Sekarang, Florence tidak bisa mengatakan apa pun.

Benar. Florence berutang budi kepada Keluarga Etta, jadi dia harus membalas budi. Phoebe sangat kasihan, dia dikurung di penjara dan akan kehilangan nyawanya kapan pun ....

Akan tetapi, apa hubungannya semua itu dengan Alaric?

Kenapa dia harus membantu Phoebe?

Sebenarnya Florence sudah mengetahui bahwa hasilnya akan seperti ini. Dia tidak terlalu kecewa, hanya merasa tak berdaya.

Entah cara apa lagi yang bisa dia gunakan.

Namun, dengan cara apa pun itu, Alaric tidak akan membantunya.

Suasana terasa menyesakkan.

"Maaf mengganggu, Pak Alaric. Aku keluar dulu."

Wajah Florence agak pucat. Kelopak matanya menurun. Suaranya begitu lembut sehingga dia tampak mudah ditindas.

Alaric menatap wajah kecewa Florence. Saat Florence membuka pintu kantor CEO dan hendak keluar, suara dingin Alaric pun terdengar.

"Aku bisa menolongnya."

Langkah Florence spontan terhenti. Dia menoleh ke arah Alaric dengan heran.

Alaric duduk di tempatnya sambil menatap Florence dengan manik hitamnya yang dingin. Jemarinya yang lentik mengetuk meja dengan santai.

"Florence, aku nggak pernah melakukan sesuatu yang tidak menguntungkan diriku. Aku bisa membantumu menolong orang itu, dengan syarat tubuhmu sebagai gantinya."

Ekspresi Alaric begitu tenang seolah dia sedang membahas sebuah negosiasi bisnis, tidak mencuri kesempatan dalam kesempitan.

Florence ingin menolong orang, maka dia harus membayar harga yang memuaskan bagi Alaric.

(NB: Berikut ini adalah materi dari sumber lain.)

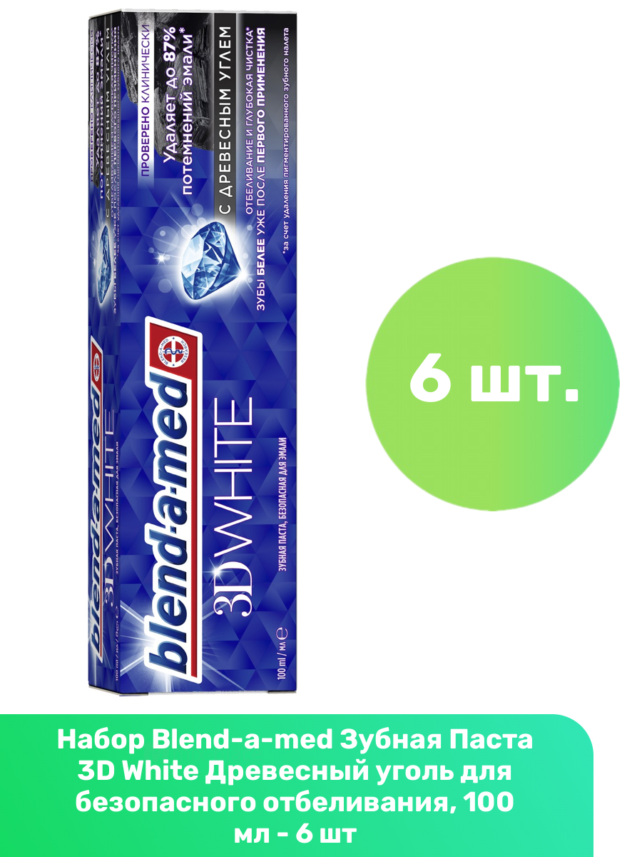 10 цен на Blend-a-med Зубная паста 3D White, Отбеливание и глубокая чистка, Древесный Уголь, 100 мл, 6 шт

Alaric akui bahwa dia tertarik dengan tubuh Florence. Malam itu dia mencicipi tubuh Florence, lalu dia ketagihan. Namun, dia bukan orang baik yang berwelas asih.

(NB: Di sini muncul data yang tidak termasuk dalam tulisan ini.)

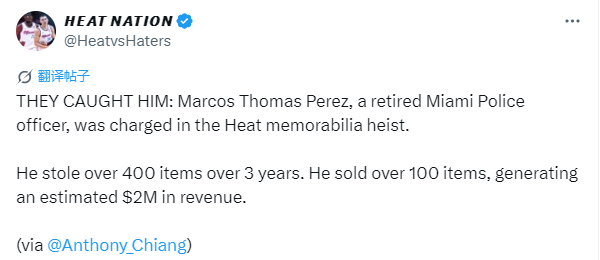2025-08-06 06:30北京时间8月6日,据热火队记Anthony Chiang报道,美国司法部发布新闻稿显示,迈阿密市警察局25年退休人员马科斯-托马斯-佩雷斯被指控窃取价值数百万美元的迈阿密热火队比赛穿过的球衣及其他贵重纪念品,并将其出售给在线中间商。

Dia itu pebisnis yang hanya mementingkan keuntungan.

Florence tidak menyangka bahwa Alaric akan mengajukan permintaan seperti itu. Dia refleks bertanya, "Tapi bukankah kamu melarang hubungan nggak bermoral di perusahaan?"

Florence mengingat kata-katanya dengan baik ya!

Alaric juga mengatakan banyak hal yang lain, kenapa Florence tidak mengingatnya?

Alaric merasa bahwa Florence benar-benar pandai menyetir emosinya. Dia berkata dengan tatapan dingin, "Memangnya peraturan perusahaan mana yang berlaku untuk CEO-nya?"

Sungguh sombong dan percaya diri.

"..." Florence tak bisa berkata-kata.

Baiklah, Alaric adalah CEO, dia paling benar.

Semua peraturan perusahaan itu ditetapkan untuk karyawan, tidak berlaku untuk Alaric.

Maksud Alaric sangat jelas. Florence tidur dengannya, maka dia akan menolong orang yang Florence pedulikan itu.

Florence tidak ingin menjual dirinya lagi, tetapi Phoebe tidak bisa terus berada di penjara. Selain Alaric, tidak ada orang lagi yang bisa membantunya.